Trente ans après, le morceau me fait toujours son grand effet et je ne sais pas vraiment ce que j’en aime le plus. Est-ce le motif infernal de guitare slide avec ce léger temps suspendu sur lequel on essayait de se caler au plus juste ? Est-ce ce sitar tourbillonnant qui enfume le morceau tout du long ? Ces couplets abracadabrants qu’on recréait avec notre mauvais anglais pour leur donner un sens aussi absurde que l’original ? Ce phrasé hip-hop asséné avec une forme d’insouciance punk ? Cette rythmique entêtante ? Ce refrain qu’on reprenait en chœur quand on croyait que le garçon chantait So you open the door au lieu de Soy un perdidor ? Loser est un morceau qui a du jeu, comme un mécanisme voilé, un engrenage un peu faussé, un rouage qui grincerait et qui dévierait sans cesse de la bonne trajectoire. Loser sonnait parfaitement aux oreilles de qui souhaitait simplement ne pas marcher droit, sans vouloir forcément faire dérailler la marche du monde.
Avec sa démarche boiteuse, Loser allait devenir une forme d’étendard générationnel, rencontrant les aspirations d’une jeunesse guère emballée à l’idée de rentrer dans le rang et de rejoindre la cohorte des winners en costume-cravate qu’une décennie de républicanisme friqué offrait en modèle d’accomplissement. A côté de Pavement ou de Lou Barlow (avec ses Winning losers et autre Original losing losers), Beck fût promu figure de proue du mouvement slacker, ces « branleurs » censés opposer leur paresse aux rigidités affairées de l’ordre du monde. On s’y retrouvait, bien sûr, dans cette façon de se tenir un peu à côté, de rentrer dans la vie comme dans une eau trop froide, un orteil après l’autre. Ce n’est pas qu’on ne voulait rien faire, mais on ne savait pas trop quoi faire. Beck refusera en tout cas très vite cette assignation, lui le bosseur ambitieux obligé longtemps de multiplier les petits boulots pour survivre ne goûtera guère d’être associé à un idéal de vie naviguant entre cannabis et canapé. On s’apercevra plus tard que notre icône cool de ces années-là ne souhaitait rien avoir à faire du côté des perdants.
Une récente réécoute de la prolifique production du garçon dans ces années-là m’a rappelé à quel point sa musique a pu compter, tant tout ce que touchait ce touche-à-tout semblait briller d’un éclat plus vif.
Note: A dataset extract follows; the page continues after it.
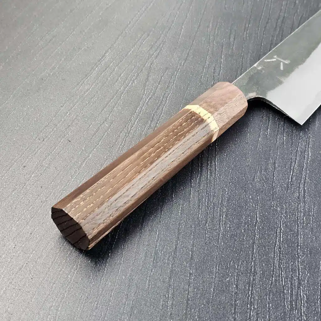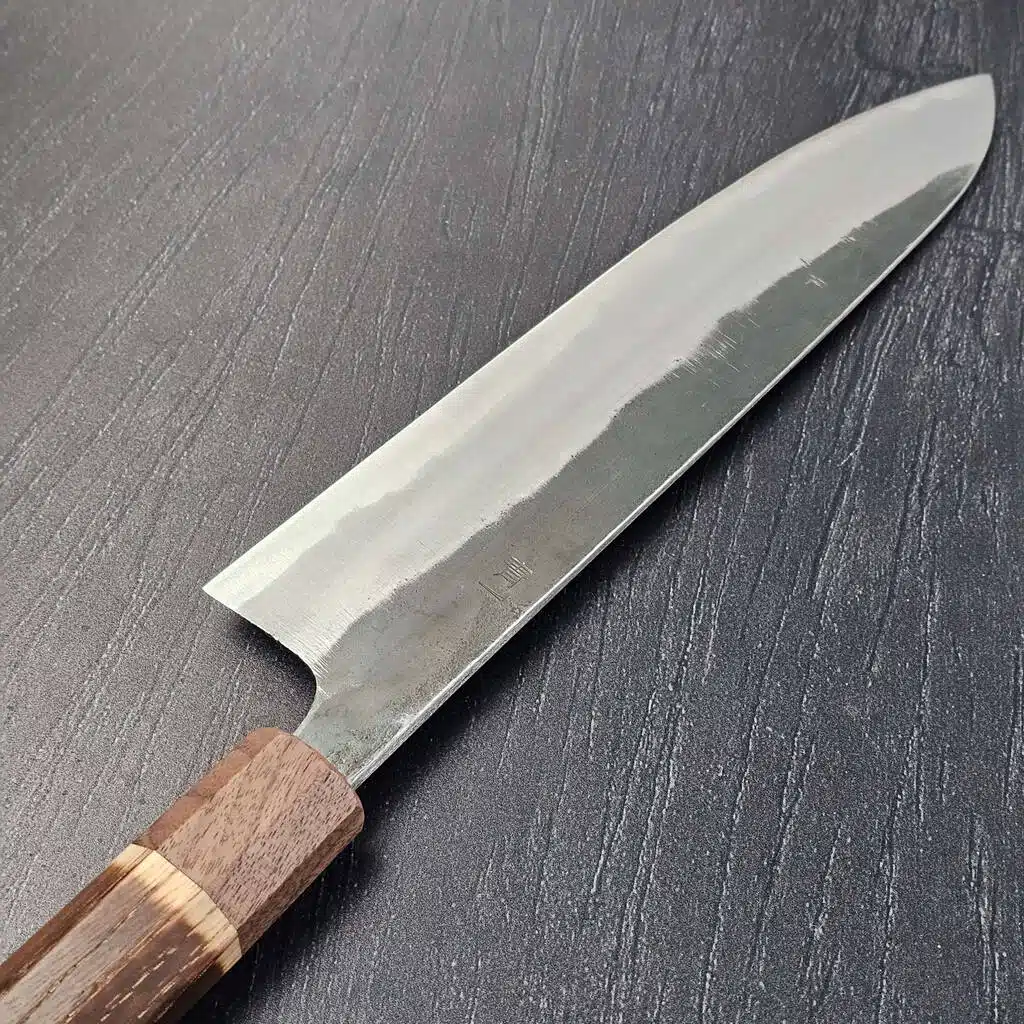 Jeg har valgt at vedligeholde den rustikke kurouchi-finish på knivens bagerste del og knivene fremstår generelt ret rå, og man kan næsten fornemme håndværket og det rå miljø de er lavet i.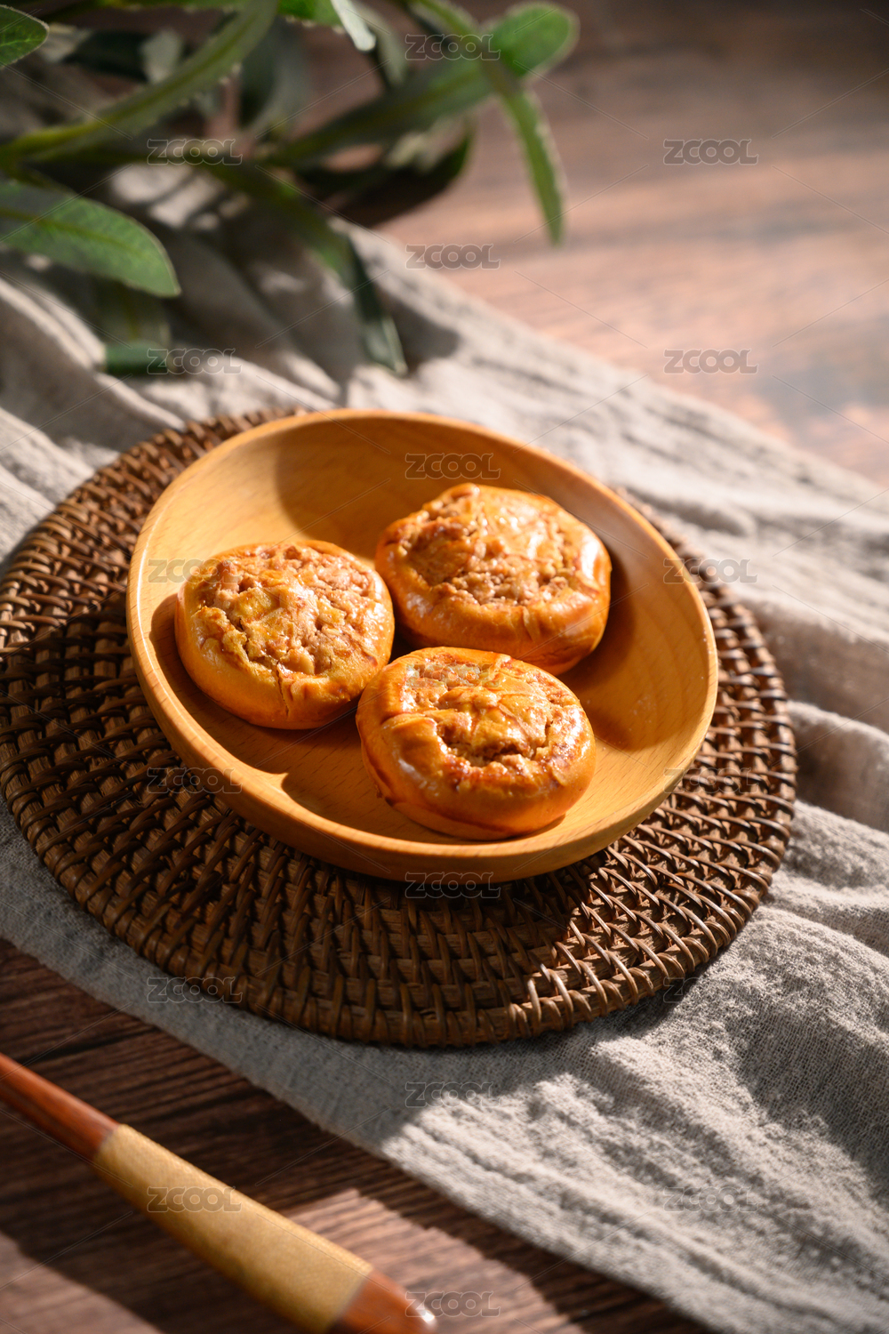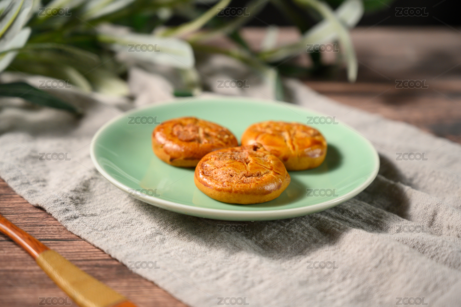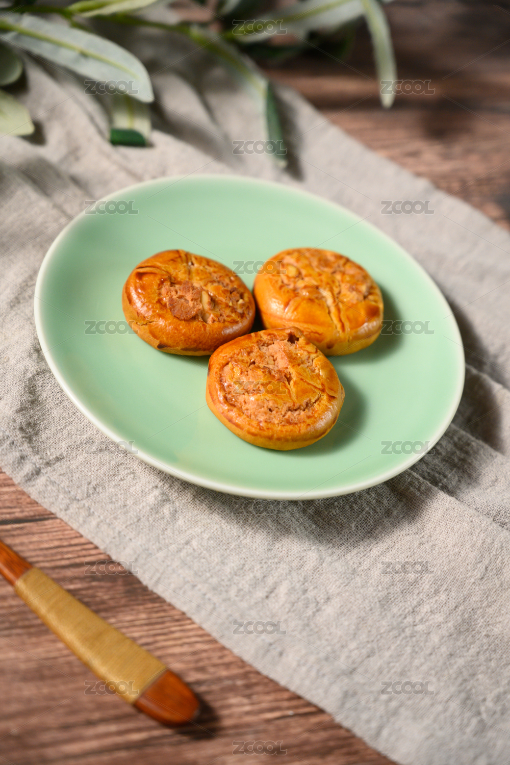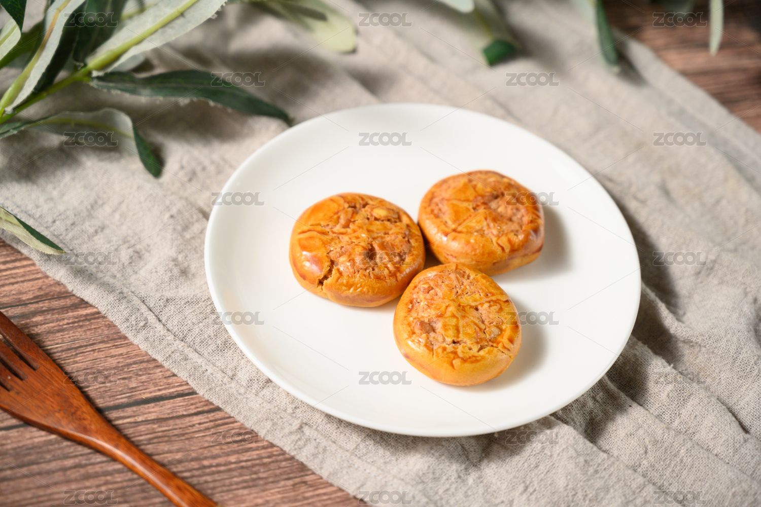 桌面上的白盘子里的美味可口的鸡仔饼

Je garde en mémoire une prestation fantastique au Transbordeur, concert scindé en deux parties pendant lequel on pouvait voir ce gringalet d’une vingtaine d’années enflammer tout une foule en jouant seul en scène des musiques sorties tout droit des années 1930, blues, country ou folk. Placé fort opportunément en ouverture d’un Mellow gold qui demeure un vrai classique déglingué, Loser est sans doute un titre incontournable pour tout fan d’indie-rock de ces années-là. Il l’est à mes yeux, mais Beck avait bien d’autres cartes dans sa manche à l’époque. On en reparlera.